Excerpts from a dataset:

------------------------

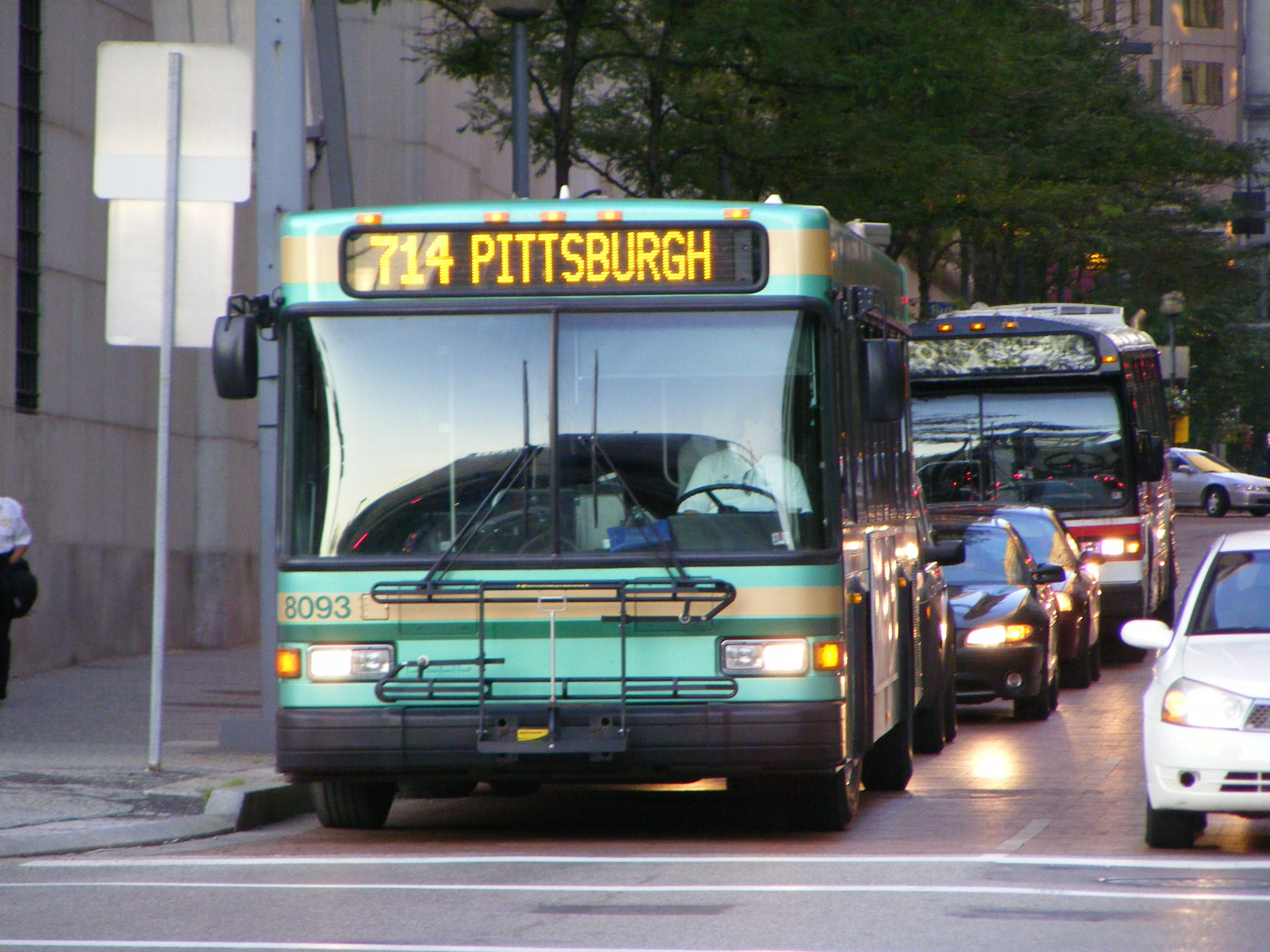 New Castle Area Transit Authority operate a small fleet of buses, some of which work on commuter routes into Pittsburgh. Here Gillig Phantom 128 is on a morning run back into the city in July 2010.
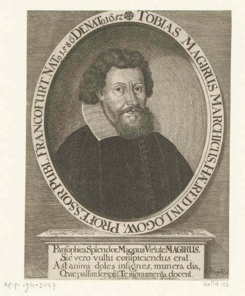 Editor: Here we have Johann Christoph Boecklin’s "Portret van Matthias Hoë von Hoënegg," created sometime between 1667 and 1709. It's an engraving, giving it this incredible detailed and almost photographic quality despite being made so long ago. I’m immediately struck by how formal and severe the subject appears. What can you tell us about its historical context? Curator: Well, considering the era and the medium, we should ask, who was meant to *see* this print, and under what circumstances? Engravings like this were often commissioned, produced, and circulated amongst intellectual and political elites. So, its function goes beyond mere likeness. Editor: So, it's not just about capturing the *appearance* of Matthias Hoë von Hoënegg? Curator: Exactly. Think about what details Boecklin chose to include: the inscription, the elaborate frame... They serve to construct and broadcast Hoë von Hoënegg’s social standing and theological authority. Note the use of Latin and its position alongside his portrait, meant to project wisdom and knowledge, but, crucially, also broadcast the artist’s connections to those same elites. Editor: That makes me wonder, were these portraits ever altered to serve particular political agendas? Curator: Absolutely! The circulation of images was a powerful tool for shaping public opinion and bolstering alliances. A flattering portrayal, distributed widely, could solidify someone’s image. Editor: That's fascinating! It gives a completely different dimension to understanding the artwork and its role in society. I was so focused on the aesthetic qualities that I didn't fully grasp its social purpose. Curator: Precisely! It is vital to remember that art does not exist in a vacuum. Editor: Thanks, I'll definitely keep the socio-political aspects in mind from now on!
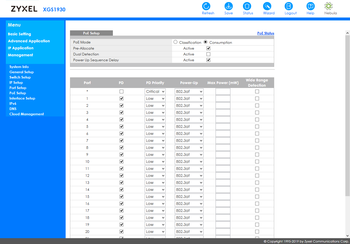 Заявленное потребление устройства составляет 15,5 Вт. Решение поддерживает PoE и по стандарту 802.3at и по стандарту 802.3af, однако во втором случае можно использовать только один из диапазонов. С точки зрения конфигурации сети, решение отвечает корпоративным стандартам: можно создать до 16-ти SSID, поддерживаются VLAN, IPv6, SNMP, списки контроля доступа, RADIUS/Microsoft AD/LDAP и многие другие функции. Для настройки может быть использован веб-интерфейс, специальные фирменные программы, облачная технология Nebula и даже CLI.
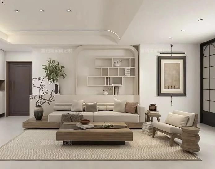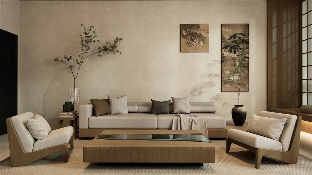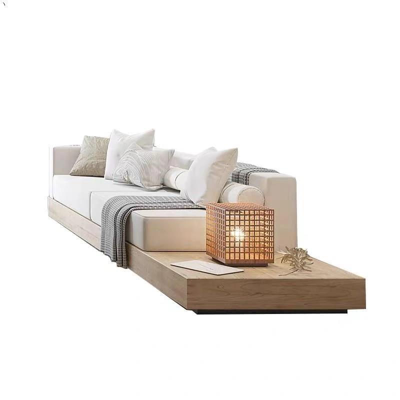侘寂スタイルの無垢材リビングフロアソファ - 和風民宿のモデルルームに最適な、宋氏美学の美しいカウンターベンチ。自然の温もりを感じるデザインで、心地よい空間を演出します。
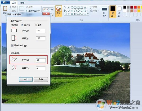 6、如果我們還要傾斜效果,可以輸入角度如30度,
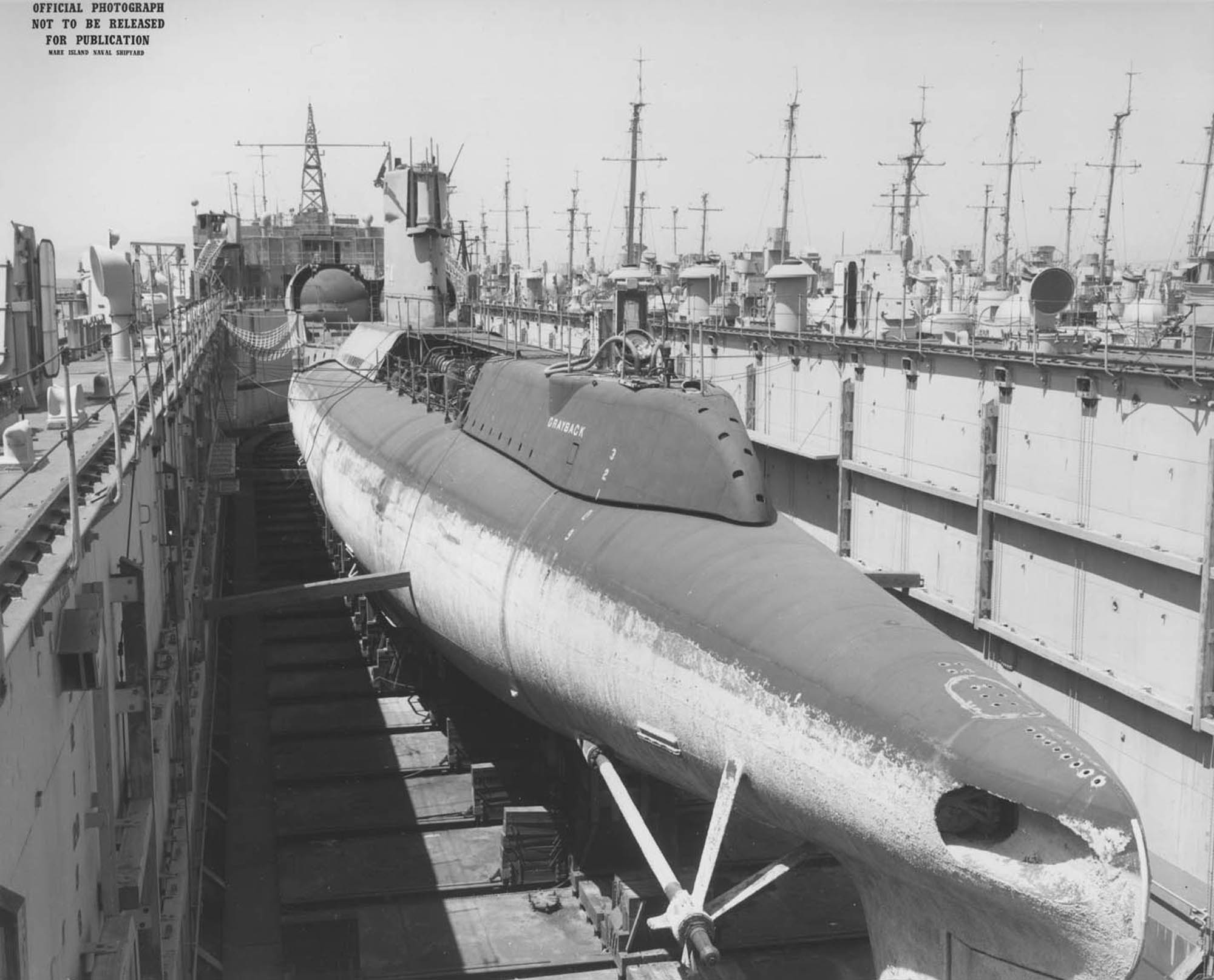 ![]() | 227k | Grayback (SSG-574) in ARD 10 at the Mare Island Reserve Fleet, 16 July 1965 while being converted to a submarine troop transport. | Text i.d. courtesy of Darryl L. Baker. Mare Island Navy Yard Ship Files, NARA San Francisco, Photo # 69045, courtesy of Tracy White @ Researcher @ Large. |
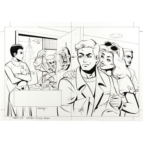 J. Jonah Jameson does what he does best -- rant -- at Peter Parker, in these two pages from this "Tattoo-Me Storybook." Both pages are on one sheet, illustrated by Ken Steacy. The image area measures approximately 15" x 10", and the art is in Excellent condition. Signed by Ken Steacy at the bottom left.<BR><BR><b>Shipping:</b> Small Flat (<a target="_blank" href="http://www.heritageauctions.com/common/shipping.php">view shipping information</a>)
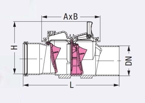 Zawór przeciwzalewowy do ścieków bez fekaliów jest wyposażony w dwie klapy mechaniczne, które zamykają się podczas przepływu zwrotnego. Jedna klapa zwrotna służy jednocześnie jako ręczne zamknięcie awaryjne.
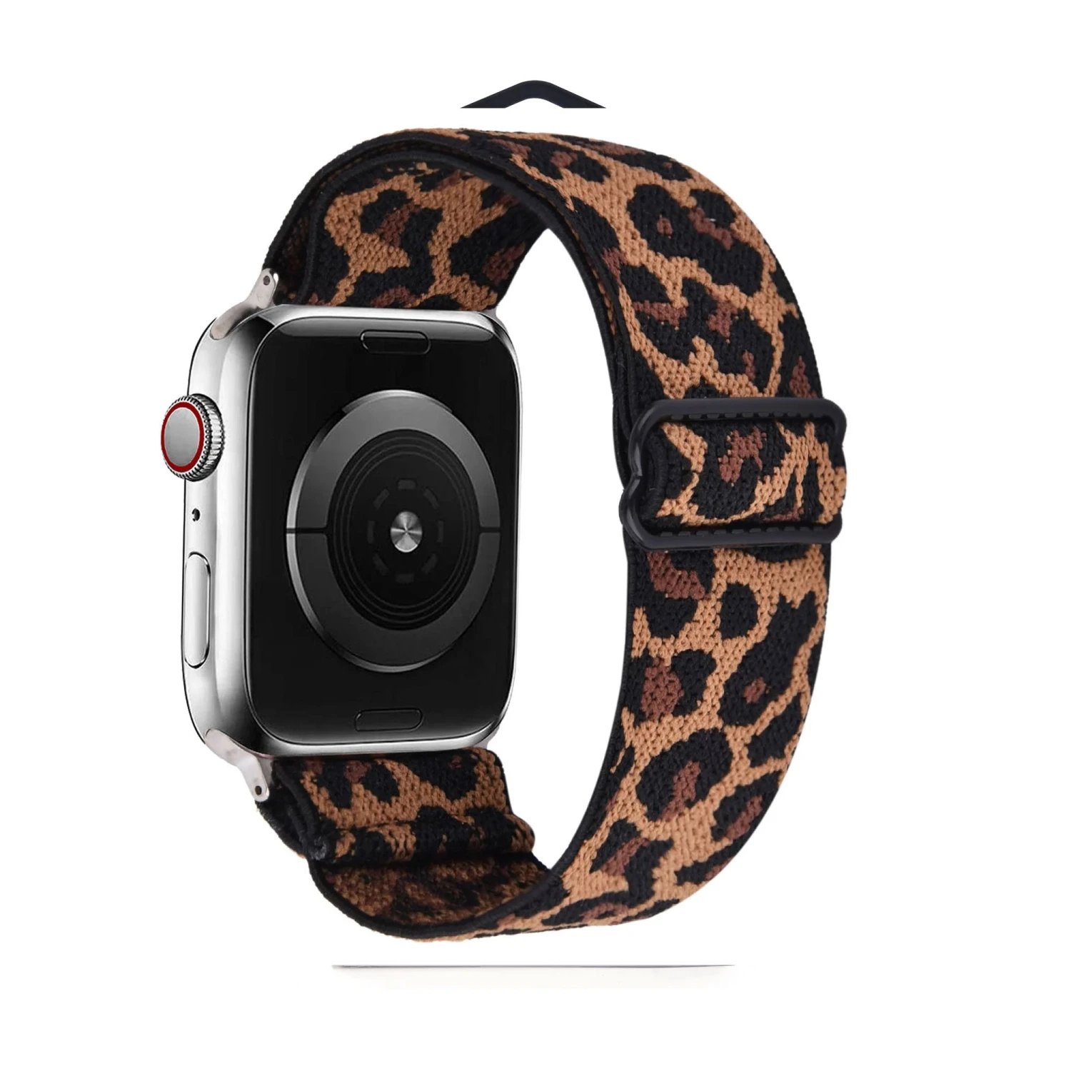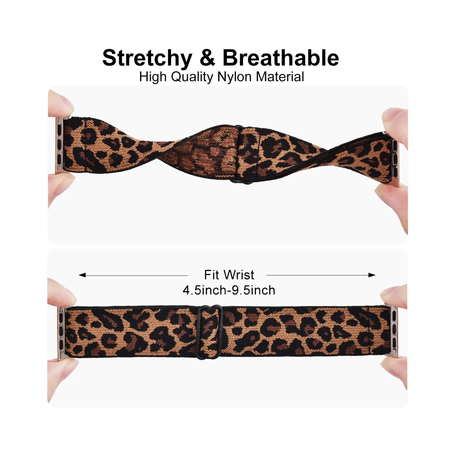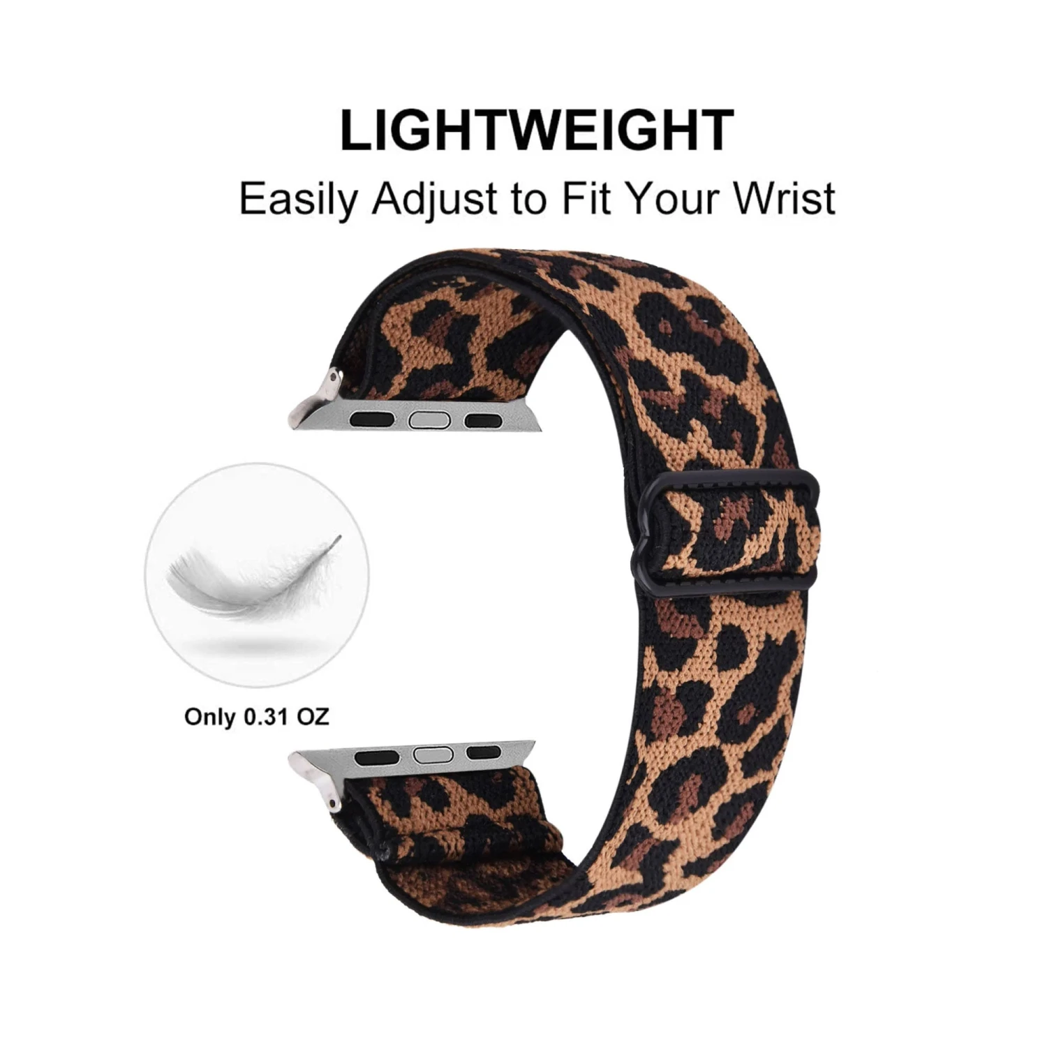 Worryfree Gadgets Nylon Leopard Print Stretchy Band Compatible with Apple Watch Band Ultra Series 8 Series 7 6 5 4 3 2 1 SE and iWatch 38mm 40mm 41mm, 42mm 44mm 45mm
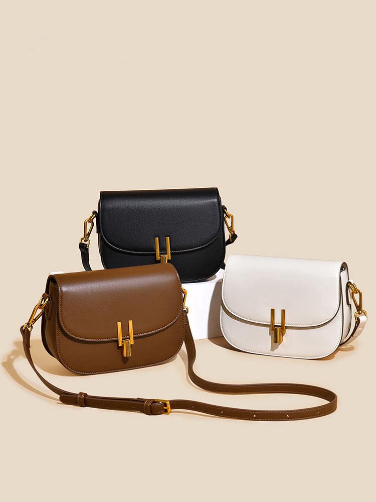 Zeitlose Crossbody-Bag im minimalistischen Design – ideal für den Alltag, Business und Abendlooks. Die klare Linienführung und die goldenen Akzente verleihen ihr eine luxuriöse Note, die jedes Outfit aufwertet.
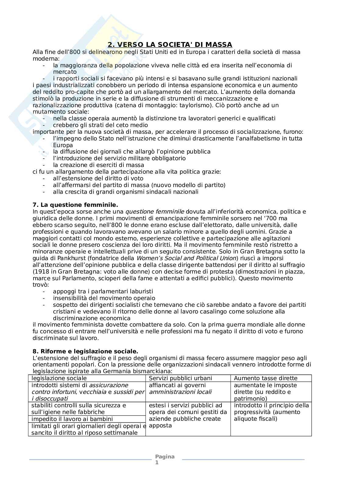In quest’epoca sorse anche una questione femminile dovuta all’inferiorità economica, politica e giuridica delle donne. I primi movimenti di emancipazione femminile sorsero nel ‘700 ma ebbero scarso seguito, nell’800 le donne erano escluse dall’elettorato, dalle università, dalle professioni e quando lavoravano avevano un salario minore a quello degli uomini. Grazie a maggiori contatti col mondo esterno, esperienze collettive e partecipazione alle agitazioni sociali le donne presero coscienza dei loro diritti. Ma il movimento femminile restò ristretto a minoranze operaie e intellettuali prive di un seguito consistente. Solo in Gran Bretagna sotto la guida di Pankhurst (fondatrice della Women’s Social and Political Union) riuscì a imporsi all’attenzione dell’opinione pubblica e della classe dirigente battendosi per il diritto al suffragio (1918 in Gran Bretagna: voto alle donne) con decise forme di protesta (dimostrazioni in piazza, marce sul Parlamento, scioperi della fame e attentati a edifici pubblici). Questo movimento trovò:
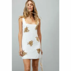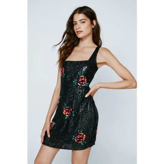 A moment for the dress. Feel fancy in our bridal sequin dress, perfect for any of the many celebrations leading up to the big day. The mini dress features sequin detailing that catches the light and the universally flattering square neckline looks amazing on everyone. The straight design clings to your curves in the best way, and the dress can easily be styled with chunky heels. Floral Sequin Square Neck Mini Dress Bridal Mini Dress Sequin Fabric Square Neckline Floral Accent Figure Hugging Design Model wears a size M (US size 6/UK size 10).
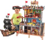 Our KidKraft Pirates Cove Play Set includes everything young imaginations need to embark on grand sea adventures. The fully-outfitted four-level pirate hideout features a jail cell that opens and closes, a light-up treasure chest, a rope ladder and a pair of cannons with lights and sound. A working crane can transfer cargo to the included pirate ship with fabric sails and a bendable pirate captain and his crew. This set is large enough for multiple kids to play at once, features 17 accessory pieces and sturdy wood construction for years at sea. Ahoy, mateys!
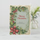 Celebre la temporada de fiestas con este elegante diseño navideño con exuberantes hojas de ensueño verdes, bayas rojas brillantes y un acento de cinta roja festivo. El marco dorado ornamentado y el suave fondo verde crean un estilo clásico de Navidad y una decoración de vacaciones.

------------------------

ACTION ITEM. Write the records out exactly, dropping every image.

FINAL ANSWER.
 New Castle Area Transit Authority operate a small fleet of buses, some of which work on commuter routes into Pittsburgh. Here Gillig Phantom 128 is on a morning run back into the city in July 2010.
 Editor: Here we have Johann Christoph Boecklin’s "Portret van Matthias Hoë von Hoënegg," created sometime between 1667 and 1709. It's an engraving, giving it this incredible detailed and almost photographic quality despite being made so long ago. I’m immediately struck by how formal and severe the subject appears. What can you tell us about its historical context? Curator: Well, considering the era and the medium, we should ask, who was meant to *see* this print, and under what circumstances? Engravings like this were often commissioned, produced, and circulated amongst intellectual and political elites. So, its function goes beyond mere likeness. Editor: So, it's not just about capturing the *appearance* of Matthias Hoë von Hoënegg? Curator: Exactly. Think about what details Boecklin chose to include: the inscription, the elaborate frame... They serve to construct and broadcast Hoë von Hoënegg’s social standing and theological authority. Note the use of Latin and its position alongside his portrait, meant to project wisdom and knowledge, but, crucially, also broadcast the artist’s connections to those same elites. Editor: That makes me wonder, were these portraits ever altered to serve particular political agendas? Curator: Absolutely! The circulation of images was a powerful tool for shaping public opinion and bolstering alliances. A flattering portrayal, distributed widely, could solidify someone’s image. Editor: That's fascinating! It gives a completely different dimension to understanding the artwork and its role in society. I was so focused on the aesthetic qualities that I didn't fully grasp its social purpose. Curator: Precisely! It is vital to remember that art does not exist in a vacuum. Editor: Thanks, I'll definitely keep the socio-political aspects in mind from now on!
 Заявленное потребление устройства составляет 15,5 Вт. Решение поддерживает PoE и по стандарту 802.3at и по стандарту 802.3af, однако во втором случае можно использовать только один из диапазонов. С точки зрения конфигурации сети, решение отвечает корпоративным стандартам: можно создать до 16-ти SSID, поддерживаются VLAN, IPv6, SNMP, списки контроля доступа, RADIUS/Microsoft AD/LDAP и многие другие функции. Для настройки может быть использован веб-интерфейс, специальные фирменные программы, облачная технология Nebula и даже CLI.
侘寂スタイルの無垢材リビングフロアソファ - 和風民宿のモデルルームに最適な、宋氏美学の美しいカウンターベンチ。自然の温もりを感じるデザインで、心地よい空間を演出します。
 6、如果我們還要傾斜效果,可以輸入角度如30度,
 ![]() | 227k | Grayback (SSG-574) in ARD 10 at the Mare Island Reserve Fleet, 16 July 1965 while being converted to a submarine troop transport. | Text i.d. courtesy of Darryl L. Baker. Mare Island Navy Yard Ship Files, NARA San Francisco, Photo # 69045, courtesy of Tracy White @ Researcher @ Large. |
 J. Jonah Jameson does what he does best -- rant -- at Peter Parker, in these two pages from this "Tattoo-Me Storybook." Both pages are on one sheet, illustrated by Ken Steacy. The image area measures approximately 15" x 10", and the art is in Excellent condition. Signed by Ken Steacy at the bottom left.<BR><BR><b>Shipping:</b> Small Flat (<a target="_blank" href="http://www.heritageauctions.com/common/shipping.php">view shipping information</a>)
 Zawór przeciwzalewowy do ścieków bez fekaliów jest wyposażony w dwie klapy mechaniczne, które zamykają się podczas przepływu zwrotnego. Jedna klapa zwrotna służy jednocześnie jako ręczne zamknięcie awaryjne.
 Worryfree Gadgets Nylon Leopard Print Stretchy Band Compatible with Apple Watch Band Ultra Series 8 Series 7 6 5 4 3 2 1 SE and iWatch 38mm 40mm 41mm, 42mm 44mm 45mm
 Zeitlose Crossbody-Bag im minimalistischen Design – ideal für den Alltag, Business und Abendlooks. Die klare Linienführung und die goldenen Akzente verleihen ihr eine luxuriöse Note, die jedes Outfit aufwertet.
In quest’epoca sorse anche una questione femminile dovuta all’inferiorità economica, politica e giuridica delle donne. I primi movimenti di emancipazione femminile sorsero nel ‘700 ma ebbero scarso seguito, nell’800 le donne erano escluse dall’elettorato, dalle università, dalle professioni e quando lavoravano avevano un salario minore a quello degli uomini. Grazie a maggiori contatti col mondo esterno, esperienze collettive e partecipazione alle agitazioni sociali le donne presero coscienza dei loro diritti. Ma il movimento femminile restò ristretto a minoranze operaie e intellettuali prive di un seguito consistente. Solo in Gran Bretagna sotto la guida di Pankhurst (fondatrice della Women’s Social and Political Union) riuscì a imporsi all’attenzione dell’opinione pubblica e della classe dirigente battendosi per il diritto al suffragio (1918 in Gran Bretagna: voto alle donne) con decise forme di protesta (dimostrazioni in piazza, marce sul Parlamento, scioperi della fame e attentati a edifici pubblici). Questo movimento trovò:
 A moment for the dress. Feel fancy in our bridal sequin dress, perfect for any of the many celebrations leading up to the big day. The mini dress features sequin detailing that catches the light and the universally flattering square neckline looks amazing on everyone. The straight design clings to your curves in the best way, and the dress can easily be styled with chunky heels. Floral Sequin Square Neck Mini Dress Bridal Mini Dress Sequin Fabric Square Neckline Floral Accent Figure Hugging Design Model wears a size M (US size 6/UK size 10).
 Our KidKraft Pirates Cove Play Set includes everything young imaginations need to embark on grand sea adventures. The fully-outfitted four-level pirate hideout features a jail cell that opens and closes, a light-up treasure chest, a rope ladder and a pair of cannons with lights and sound. A working crane can transfer cargo to the included pirate ship with fabric sails and a bendable pirate captain and his crew. This set is large enough for multiple kids to play at once, features 17 accessory pieces and sturdy wood construction for years at sea. Ahoy, mateys!
 Celebre la temporada de fiestas con este elegante diseño navideño con exuberantes hojas de ensueño verdes, bayas rojas brillantes y un acento de cinta roja festivo. El marco dorado ornamentado y el suave fondo verde crean un estilo clásico de Navidad y una decoración de vacaciones.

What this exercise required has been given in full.